All sports training is driven towards this aim. Whether the coaches are aware of the bigger picture or whether they just focus on their area of speciality, everyone is training with a view to be able to solve the problems they find on the field, in the ring, on the court or on the track. Those problems exist within moments.

The popular ‘High Performance Podcast’, with Jake Humphrey and Damien Hughes, has had a wide variety of guests from within sport and beyond. Within each episode, they ask the guest; “What does ‘High Performance’ mean to you?”. One of my favourite answers to this question came from Jonny Wilkinson, generally considered one of the greats within his sport of rugby union. He said High Performance to him was: “All of me in every moment.”

This is a profound answer and what it fundamentally presents is this idea we’ve been discussing. That beyond the physical, technical, tactical and psychological abilities an athlete may possess, it is not a given that they are able to bring all of these to the table at any one time. There are a variety of factors that may affect whether an athlete is able to maximise their ability within any one moment.

While that ball hung in the air over the AT&T Park in San Francisco, while we floated between winning and losing, we were touched by the grace of unknowingness. How interested would we be in these moments if we could confirm their outcome? Imagine football games without the gasp and release of tension that accompanies those mystical moments before the ball hits the back of the net. In sport we find something fundamental to life; the interplay between knowns/unknowns, order/chaos, structure/freedom.

We all long to know how everything will play out, because we’re vulnerable, because we’re fearful, because it’s nice to win. But we often forget that we also long to be surprised, excited and thrilled. That space in between these poles is living.

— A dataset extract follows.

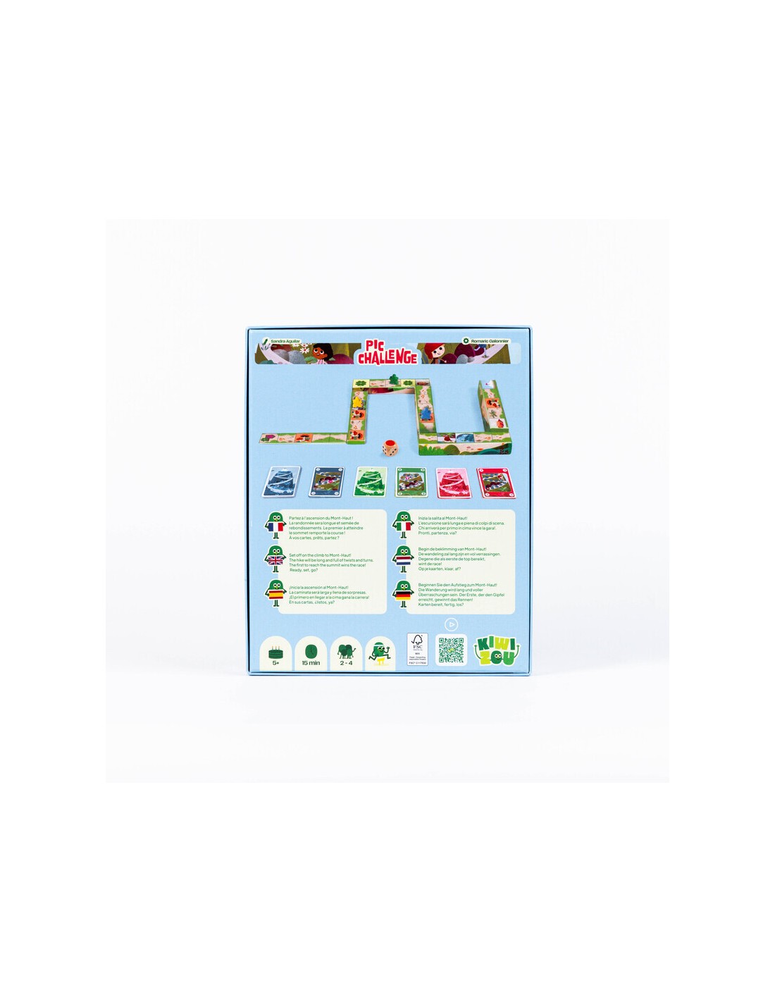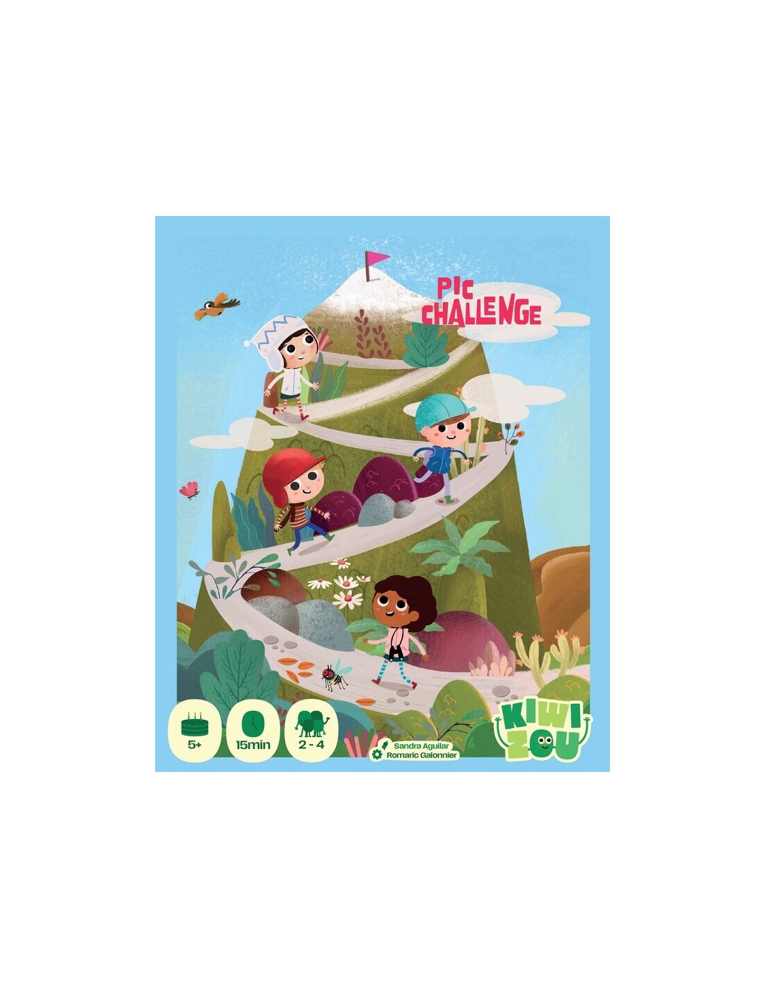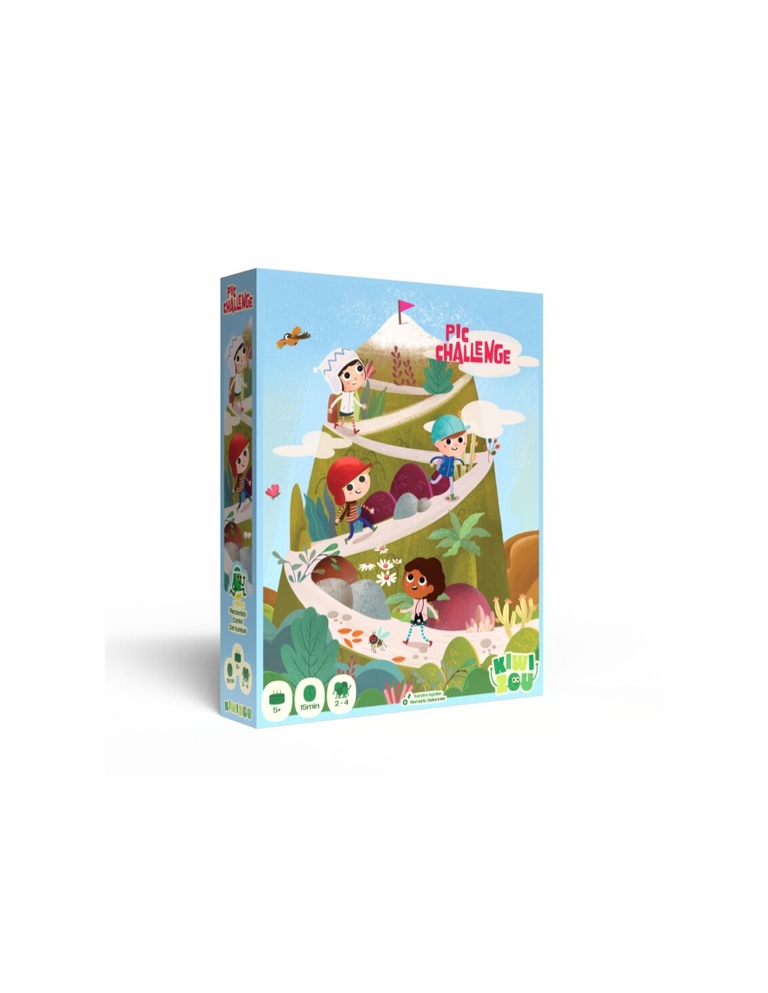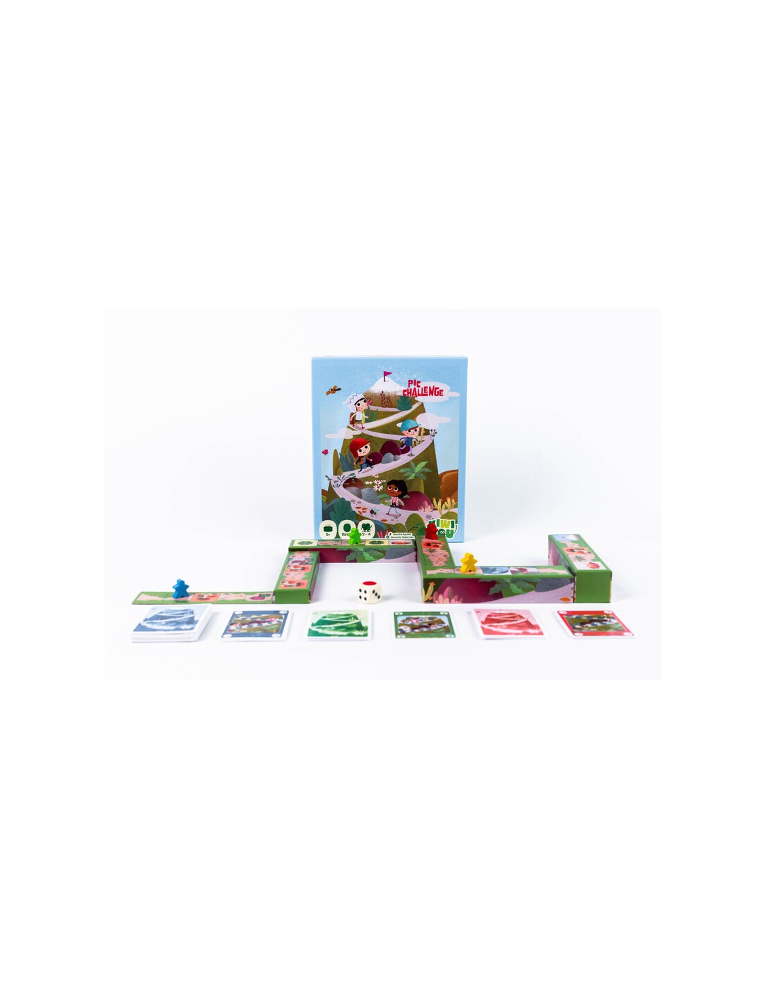 Pic Challenge es un juego de mesa infantil creado por Kiwizou, pensado para niños a partir de 5 años. En esta emocionante aventura, los jugadores se convierten en pequeños senderistas que compiten por llegar primero a la cima del Mont-Haut, enfrentando obstáculos, sorpresas y duelos en el camino.
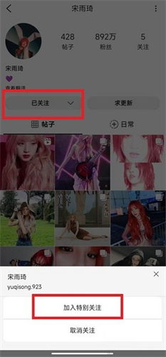 2、点击博主头像,进入博主的个人主页,先关注博主,之后再次点击 “已关注”,再点击 “加入特别关注”。

It’s nice to win because we knew we could lose. When working with athletes, I think it’s important to remember the joy in this dance with the unknown, rather than trying to squeeze all the uncertainty (& joy) out of the journey.

Footnotes:
  1. Schrödinger’s Cat is a thought experiment by physicist Erwin Schrödinger in which a cat sealed in a box is theoretically both alive and dead simultaneously — until the box is opened and the outcome observed. The experiment illustrates how quantum superposition holds multiple possibilities in coexistence until the moment of resolution.